Manukyan, bizim bulunduğumuz yönden geldi ve orman yoluna girdi. İşaret dalga dalga detrap bölgesine ulaştı. Nefeslerimizi bile tutmuştuk. Çıt çıkmıyordu. Bir süre sonra yol kenarındaki bir kaya parçasının altı olan detrap yerinden koşuşmalar ve sesler geldi. Arkadaşlar haberi ulaştırdılar. Manukyan enterne edilmiş ve götürülmüştü.

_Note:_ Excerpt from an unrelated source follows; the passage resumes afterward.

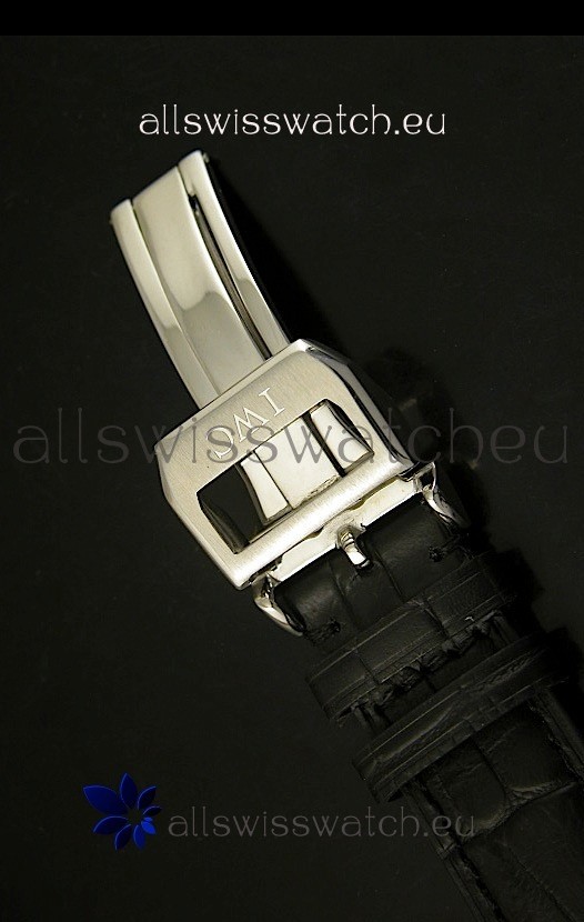 Genuine Black Leather Strap with IWC markings and engravings and Pink Gold Plated Clasp also Guaranteed Not to Fade

Sıra Rus’a gelmişti. Yarım saat geçmemişti ki, Rus’un otomobili ormanın Kilyos istikametinden detrap bölgesine yaklaştığı işareti geldi. Yerimizde kaldık. Kısa bir süre sonra bağrışmalar gelmeye başladı. Koşarak detrap bölgesine gittim. Sovyet Yuri Vladimirovich Maksimov’un ayaklarında balıkçı çizmesi ve üzerinde spor bir kıyafet vardı. İlk bakışta denizden yeni dönmüş, ağlarını toplayan bir balıkçıya benziyordu. Detrabı boşaltmaya yalnız gelmişti. İri yarı bir adamdı. Kendisini tutmaya çalışanlara şiddetle karşı çıkıp kurtulmaya çalışıyordu. Sonunda kollarını arkasından kıvırıp hareketsiz hale getirdiler, o vaziyette yürüyerek 200 metre kadar ilerdeki Orman İdaresine ait binaya götürdüler. Ankara’dan yetkili amirler gelmişti. Binada onunla görüştüler. Herhalde usulen bir kimlik kontrolünden sonra kendisine bizimle çalışması halinde bu olayı unutabileceğimiz söylenmiştir. Maksimov kısa bir müddet sonra diplomatik statüsü icabı serbest bırakıldı. Kazaya uğramış bir balıkçı gibi perişan bir vaziyette arabasına binip bölgeden uzaklaştı. Ertesi gün Sovyetler Birliğine geri dönüyordu.